Ein Portrait des Filmemachers Jörg Buttgereit und seiner Filme.


► Die Pissigkeit und das Unverwechselbare

DÄMONEN – böse Geister, heißt der moderne Roman von Dostojewski, der prophetisch die Charaktere vorführt, die das 20. Jahrhundert bestimmen werden. Der Roman hat den In-tendanten und Regisseur Frank Castorf so beeindruckt, dass er ihn in seiner Volksbühne am Rosa-Luxemburg-Platz in Berlin als großes Theaterstück herausbrachte.

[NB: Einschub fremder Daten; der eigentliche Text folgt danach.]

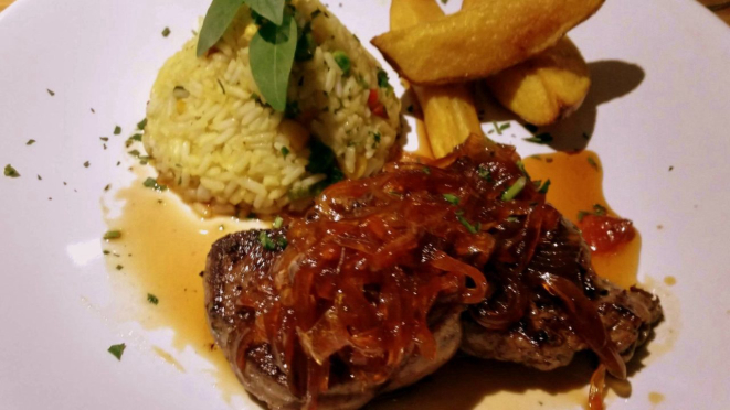 caipira da Nonna com polenta, e um mignon chamado Filetto brasiliano, que é o medalhão grelhado, com cebola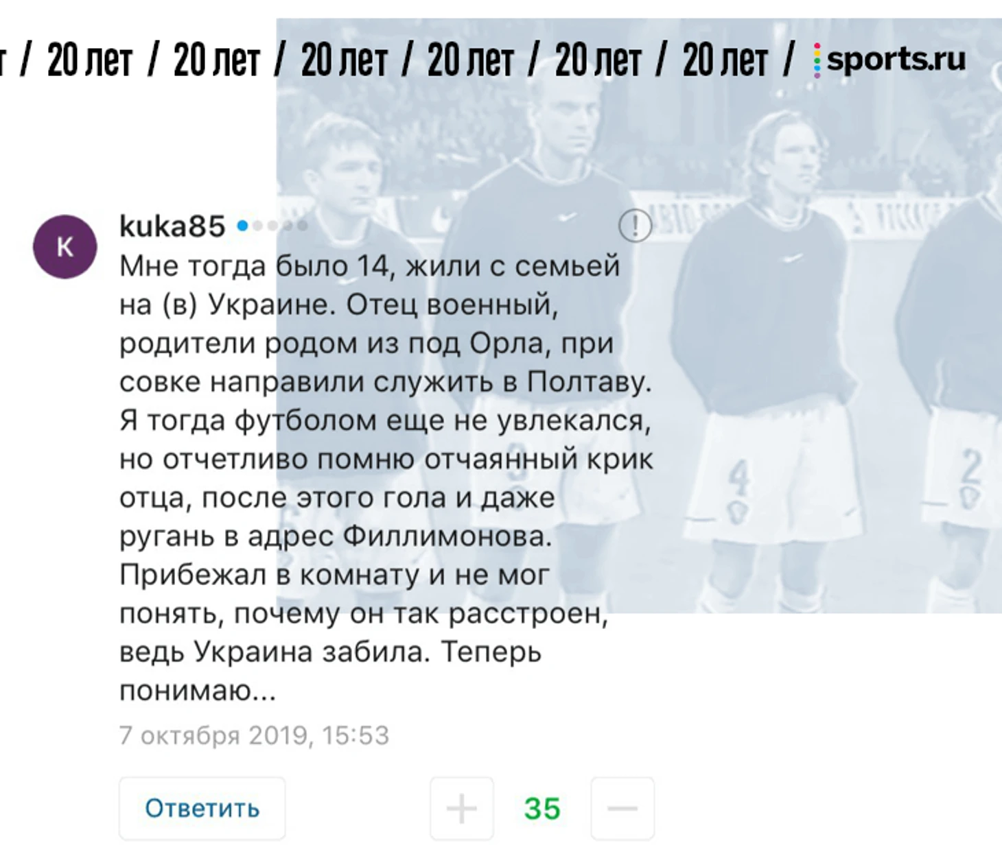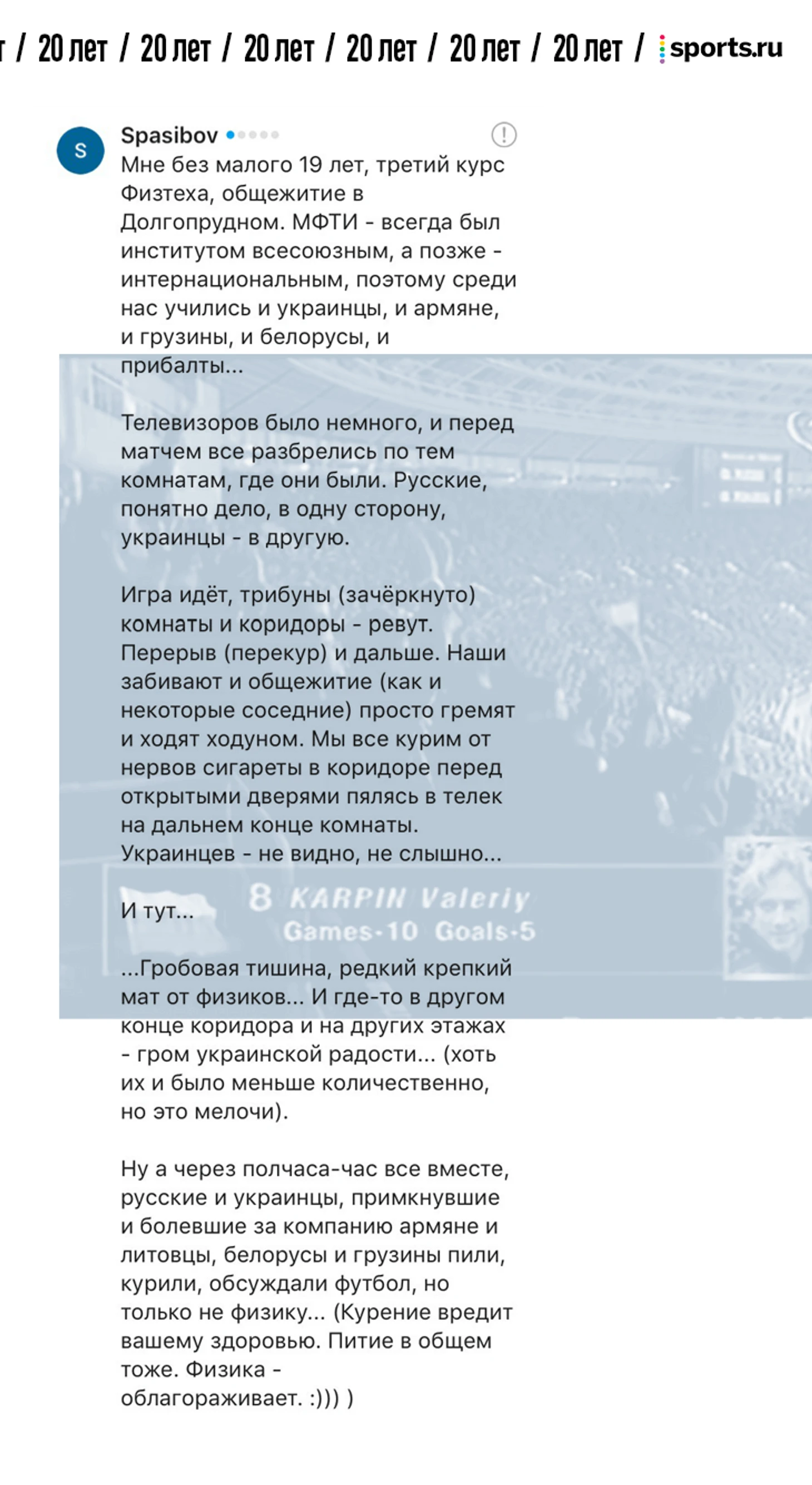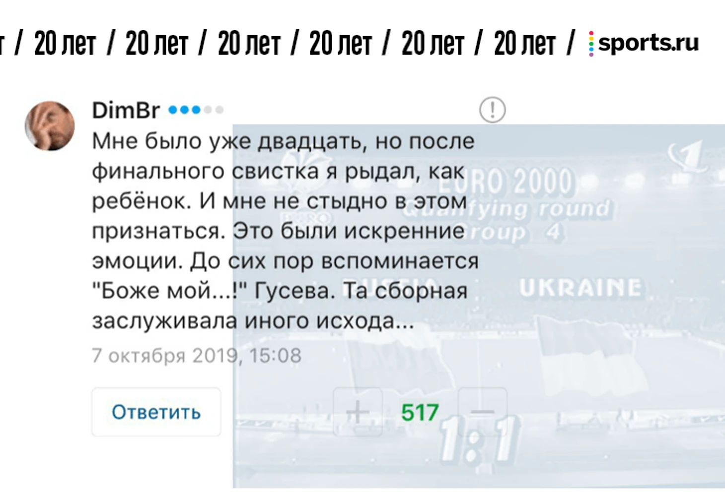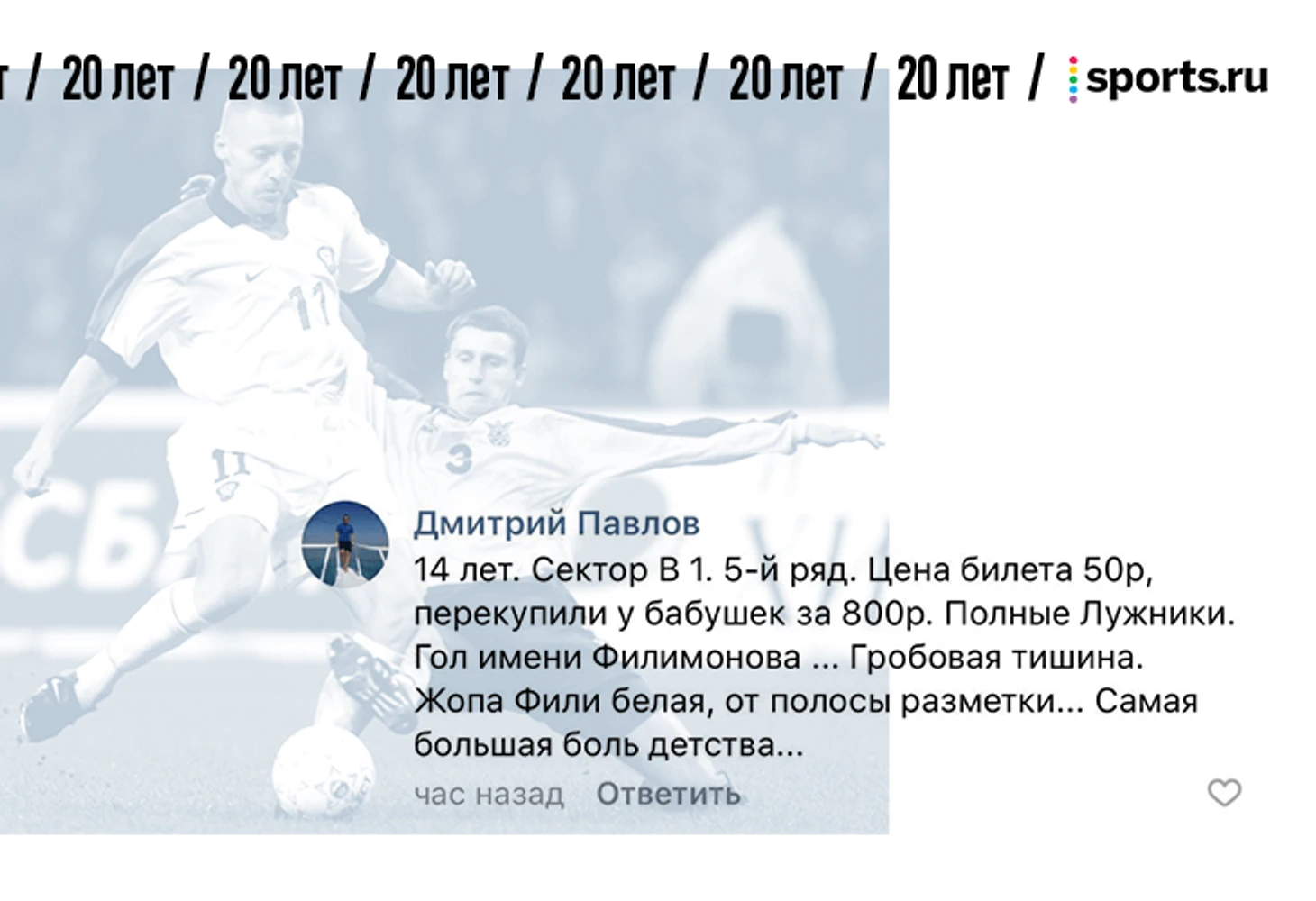 От редакции. В фотопосте про 20-летие матча России и Украины мы попросили вас поделиться самыми сильными воспоминаниями о том матче. Вы так и сделали – тот материал собрал 1357 комментариев. Мы выбрали лучшие, добавили ваши реплаи из соцсетей и оформили. Показываем.

Jetzt hat er den Stoff in einem 3-Stunden-Spielfilm umgesetzt. Unverwechselbar und rücksichtslos wie es die Art dieses Regisseurs ist.

Man kann über das Unflätige, die “Pissigkeit des Ganzen” nicht sprechen, sagt Castorf, wenn man nicht auch das Besondere und Unverwechselbare darstellt. Darin liegt die Schönheit.